Десятая линия

       В Лицей мне хотелось, в Павловск, и в Летнем саду навестить дроздов, но вышло не совсем так. И вот теперь глажу пальцами выкраденную у вас зажигалку, чиркаю, смотрю на пламя, гашу и снова чиркаю. Видите ли вы отсвет из своих питерских туманов? Это в вашу честь, дорогая, это вам мой привет из первопрестольной.   
      Новый человек в вашем доме, я, то есть, не может не откликаться на всевозможные, с первого взгляда прозаические детали: вот картошка подгорела, ваша собака кусает моего приятеля за гениальное запястье, коньяк проливается на скатерть; книжка достается с полки; и вот вы уже оба читаете вслух наперебой, косясь на меня, шуршите, разглядываете картинки, как дети в запретном папином кабинете, боясь, что войдут и застукают. Вы еще мерзко при этом хихикаете, да еще удивляетесь, отчего я мрачен. Согласитесь, дорогая, вы с ним в тот вечер сидели гораздо более рядышком, чем мы с вами или все мы вместе рядышком.И меня, чужого, пришлого, разморила ваша комната с книгами о древней Руси.   
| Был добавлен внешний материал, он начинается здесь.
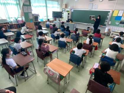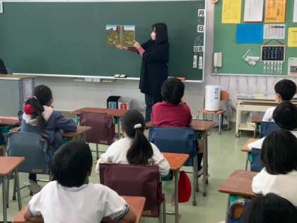 おはなし泉の皆様による読み聞かせです。子どもたちは、おはなしの世界に引き込まれていました。
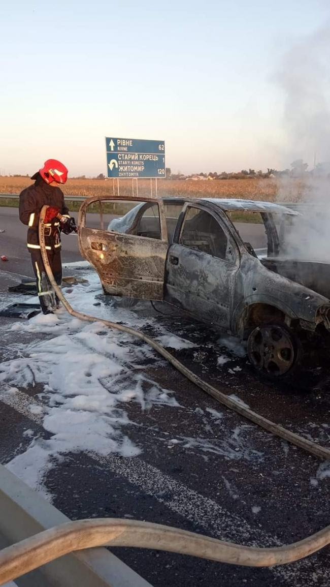 Сьогодні близько 07:30 на трасі Київ-Чоп неподалік Корця, що на Рівненщині, загорівся легковий автомобіль.
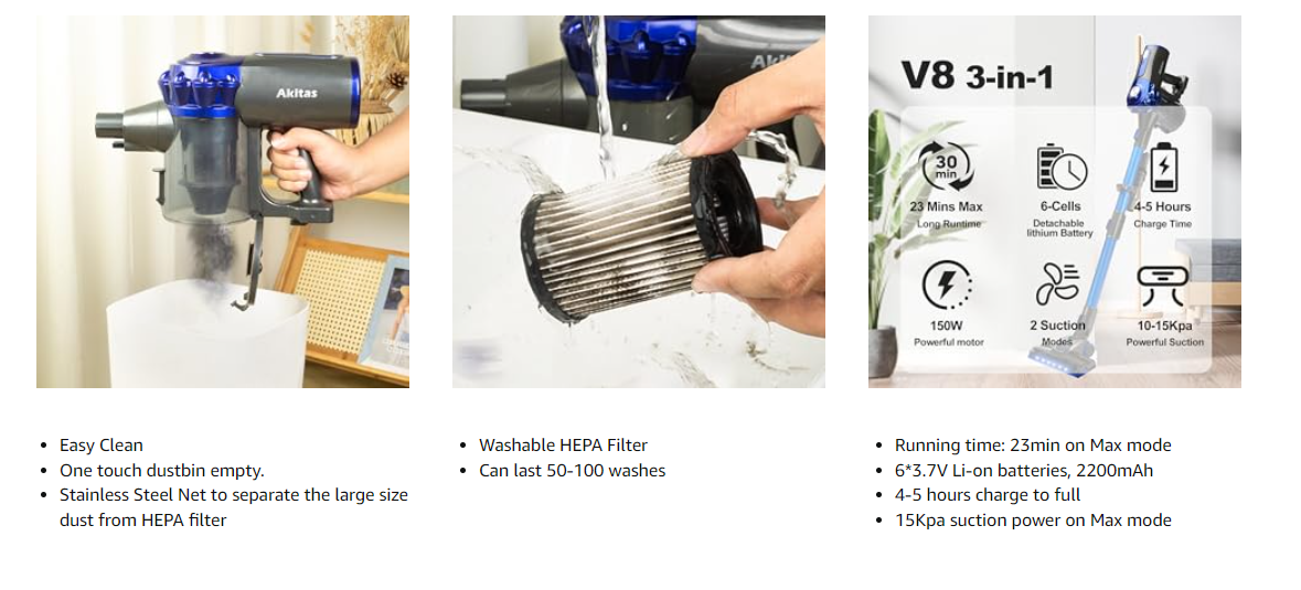 Brand Akitas Model Number AKV8 Colour Blue Product Dimensions 28 x 15 x 68 cm; 2.4 kg Capacity 1.2 litres Power / Wattage 150 watts Number of Speeds 2 Carpet Cleaning Performance Class A Hard Floor Cleaning Performance Class A Dust Re-emission Class A Noise Level 67 dB Runtime 40 minutes Special Features cordless, Headlight, Bagless, Washable Filter Item Weight 2.4 kg
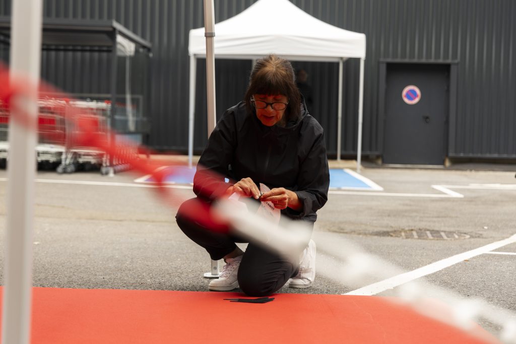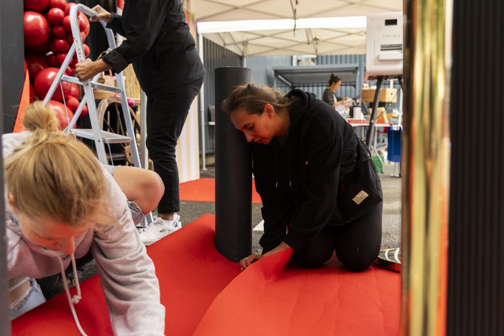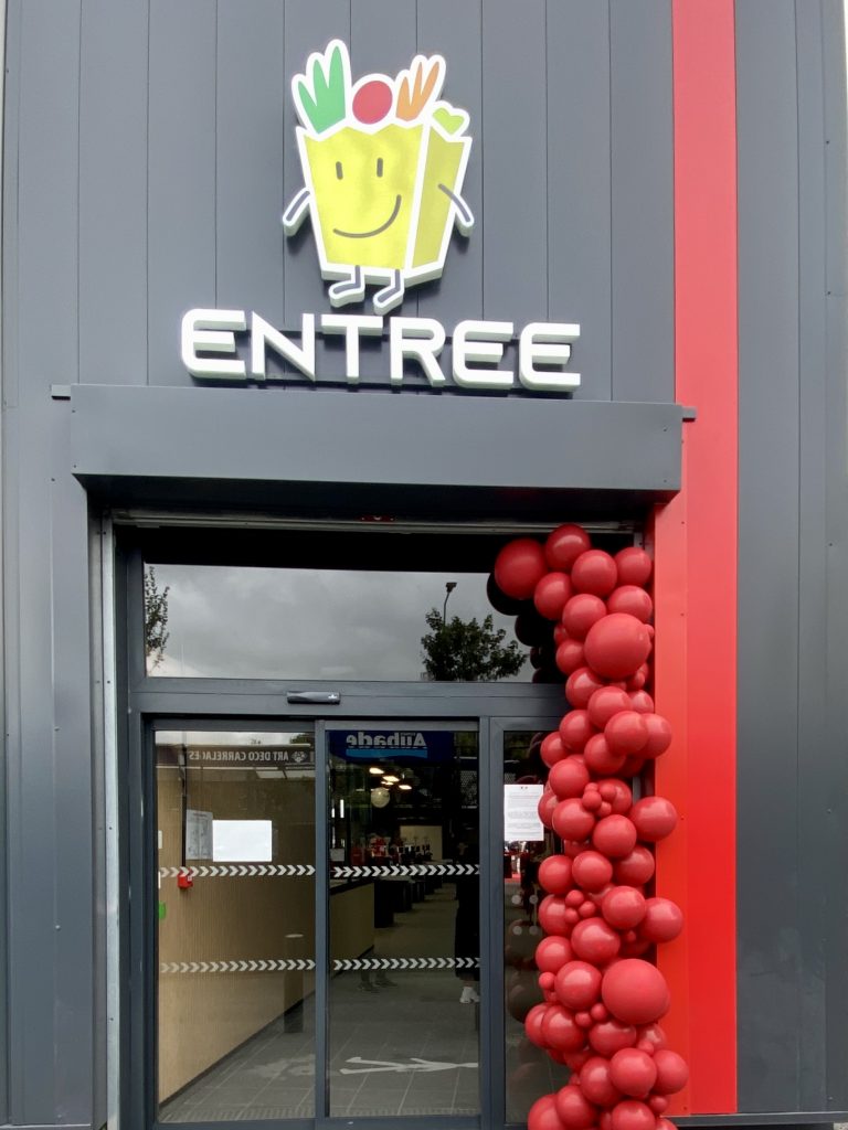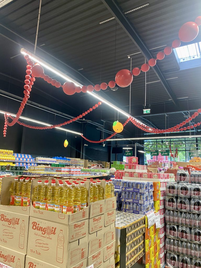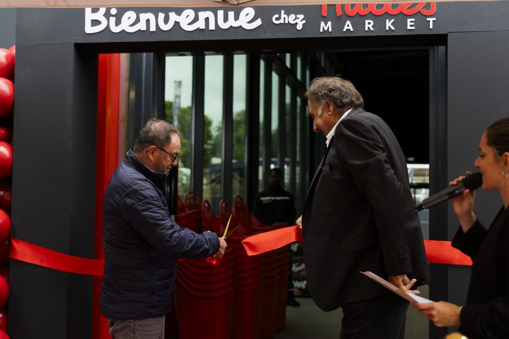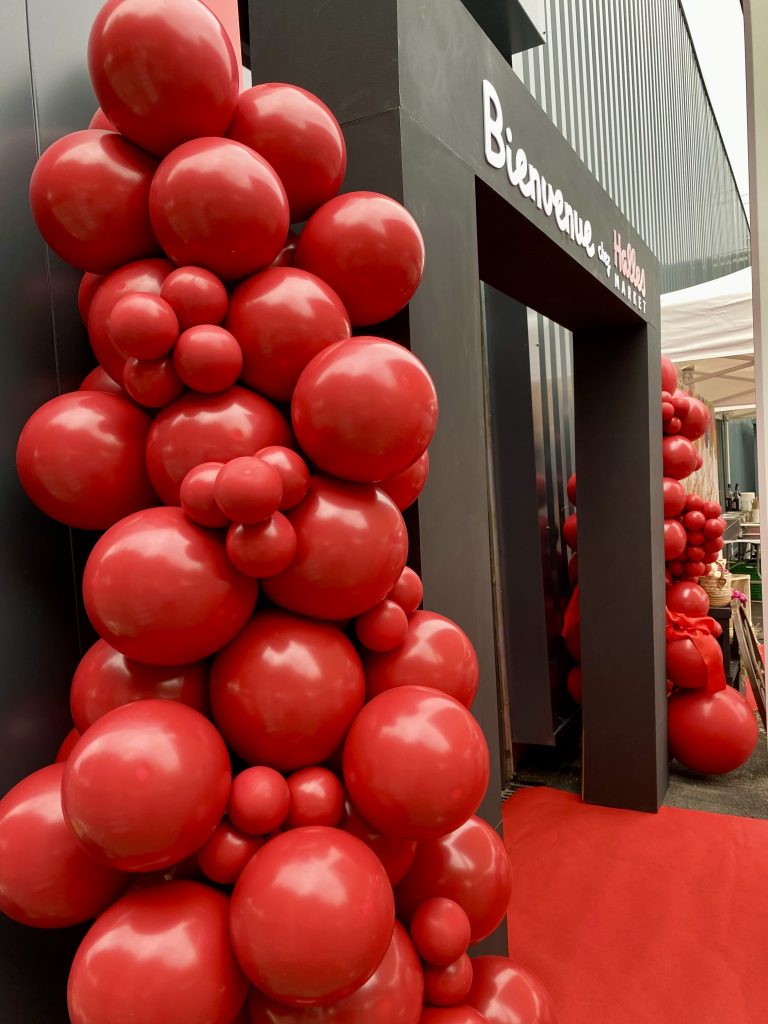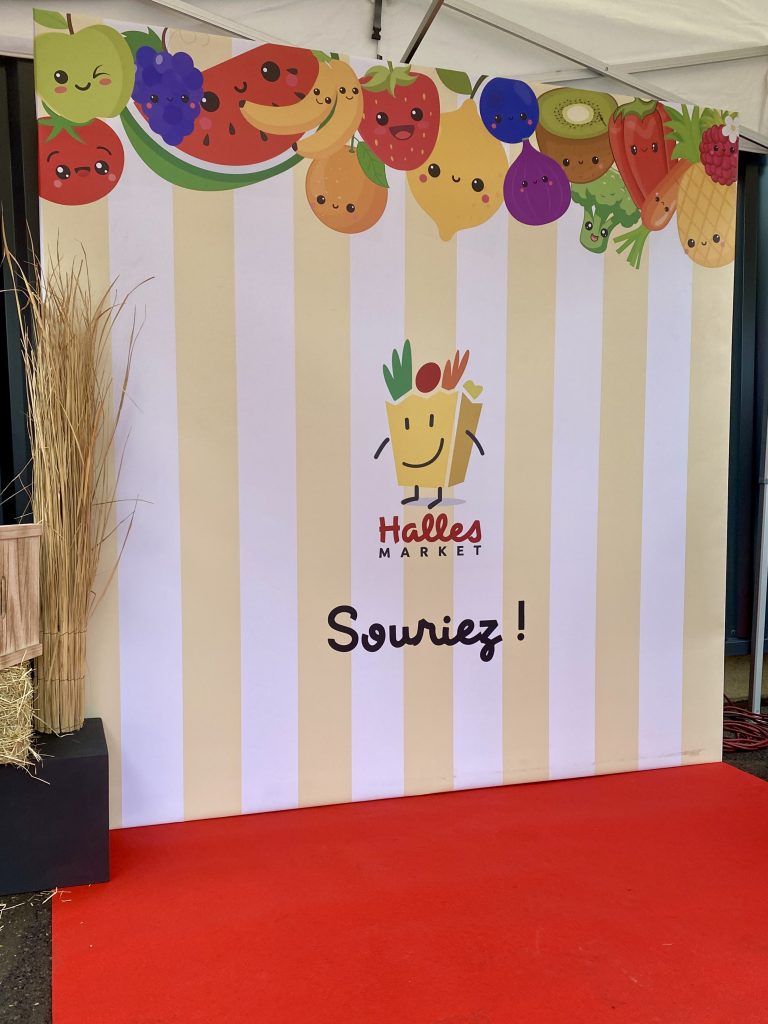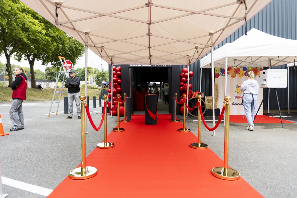 Pour marquer cet événement important, j’ai imaginé un décor événementiel à l’image de l’énergie de Halles Market : festif, accueillant et cohérent avec l’identité visuelle de la marque, notamment avec une dominante de rouge, clin d’œil aux codes couleurs de l’enseigne.
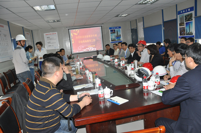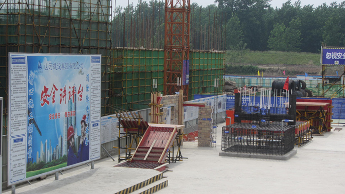 聽取了項目部關于創(chuàng)建質量標準化過程的專項匯報后,調研組隨后觀看了現(xiàn)場樣品庫、實物樣板展示區(qū)、鋼筋加工區(qū),并到項目16#樓進行了實體檢查調研。穎東區(qū)質量監(jiān)督分局許局長針對現(xiàn)場質量控制和保護措施進行了講解,調研組對項目部采用的一些新的控制質量的工藝和成品保護措施,表示認可和贊同,并對一些防治質量通病的控制措施進行了指導。調研組專家一行對現(xiàn)場實體質量較為滿意,本次檢查調研開展順利。
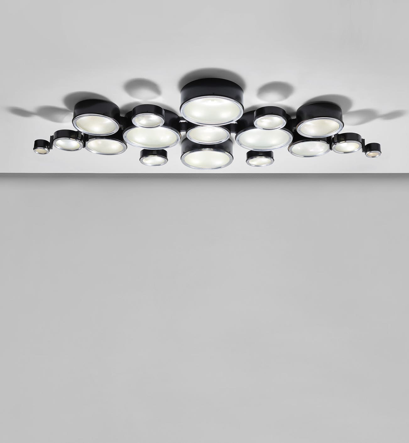Painted aluminium, aluminium, painted metal, acid-etched prismatic glass.
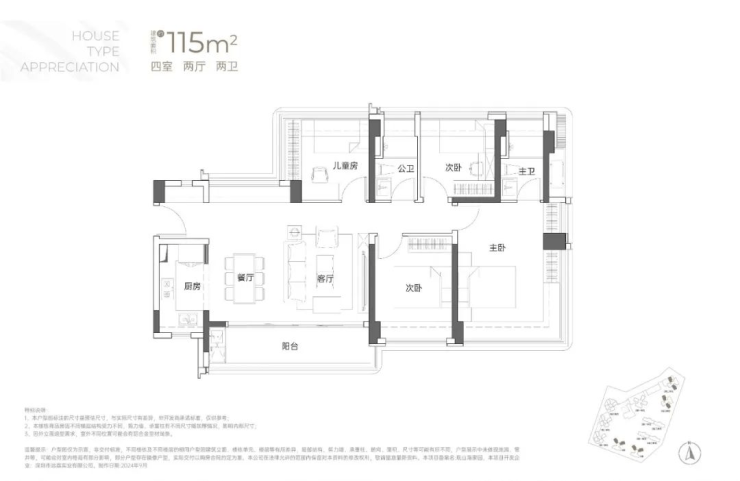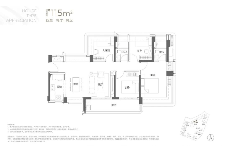 115㎡的4房2厅2卫:横厅南北通透格局,客餐厅6米开间,LDKB一体化,全屋飘窗,4个卧室分别做到了3.9米/3米/2.8米/2.6米的宽度,主卧加1个次卧270°全景飘窗,客厅出6米长的大阳台,L型厨房,得房率约95-97%(包含赠送),西南或东南朝向。115平米户型分布在1栋1单元、1栋2单元、1栋3单元01/02户型,01户型西南朝向都是看小区外围,02户型看向小区;
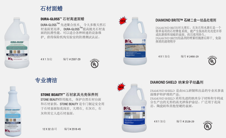NCL的石材护理系统™对天然石材和陶瓷表面光泽的保持维护和修复是一个完整的、专业的系统。这种协调的系统在保持和修复天然石材地面,台面保持高光泽度的同时防止表面的污渍侵蚀。50多年来NCL 生产了卫生维护专业人士信任的高质量以及高性能的产品。在NCL,我们所有的创新的产品和杰出表现的系统设计的发展方向是节省您的时间,劳动强度和费用。石材护理系统™为您提供任何天然石材或瓷砖表面高性能安全,专用维护产品。这个全面的计划是专为建筑服务承包商和内部设施服务提供商设计,并不需要多年的技术经验与研磨方法!
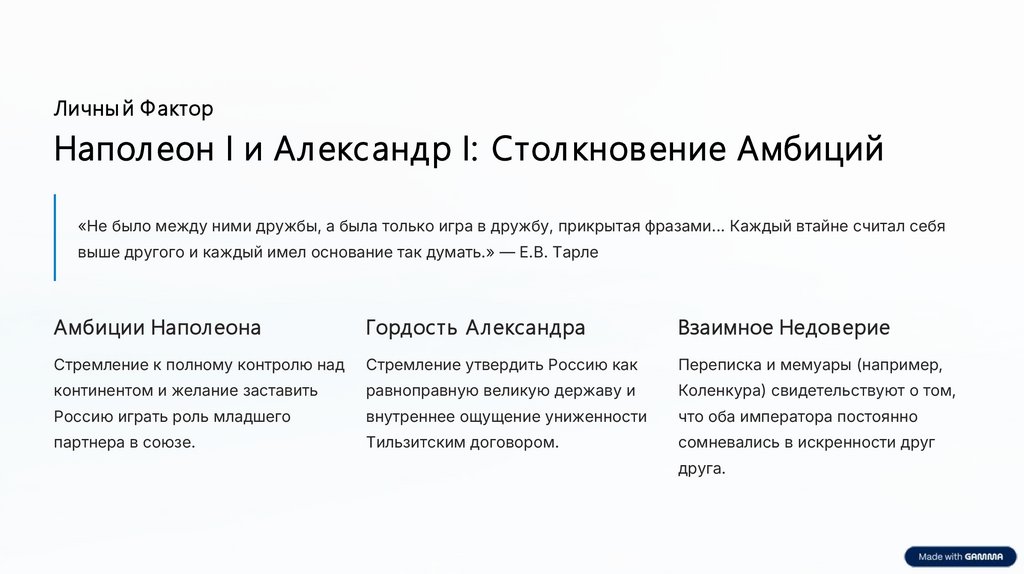 Личны й Ф акторНаполеон I и Алекс андр I: Стол кновение Амбиций

      Мытье посуды в кухне, пенье крана, курение, перебирание бахромы на скатерти, свисающей едва ли не до пола, чайник с желтым дном, кольца дыма, плывущие к потолку, к темным его глубинам, где табачные облака застревают в плафонах люстры, похожих на клоунские колпаки. Это мои колпаки. Один для манежа, остальные про запас. Приятель тащит меня в коридор:она сказала, ты не останешься. Пообещай, что ты уйдешь, мерзавец, мы оба уйдем, и прекрати вести себя как сноб! Говори сейчас же - да! Это ж тебе не в ресторане подцепили! Это даже не сирота из общаги! Она кандидат наук!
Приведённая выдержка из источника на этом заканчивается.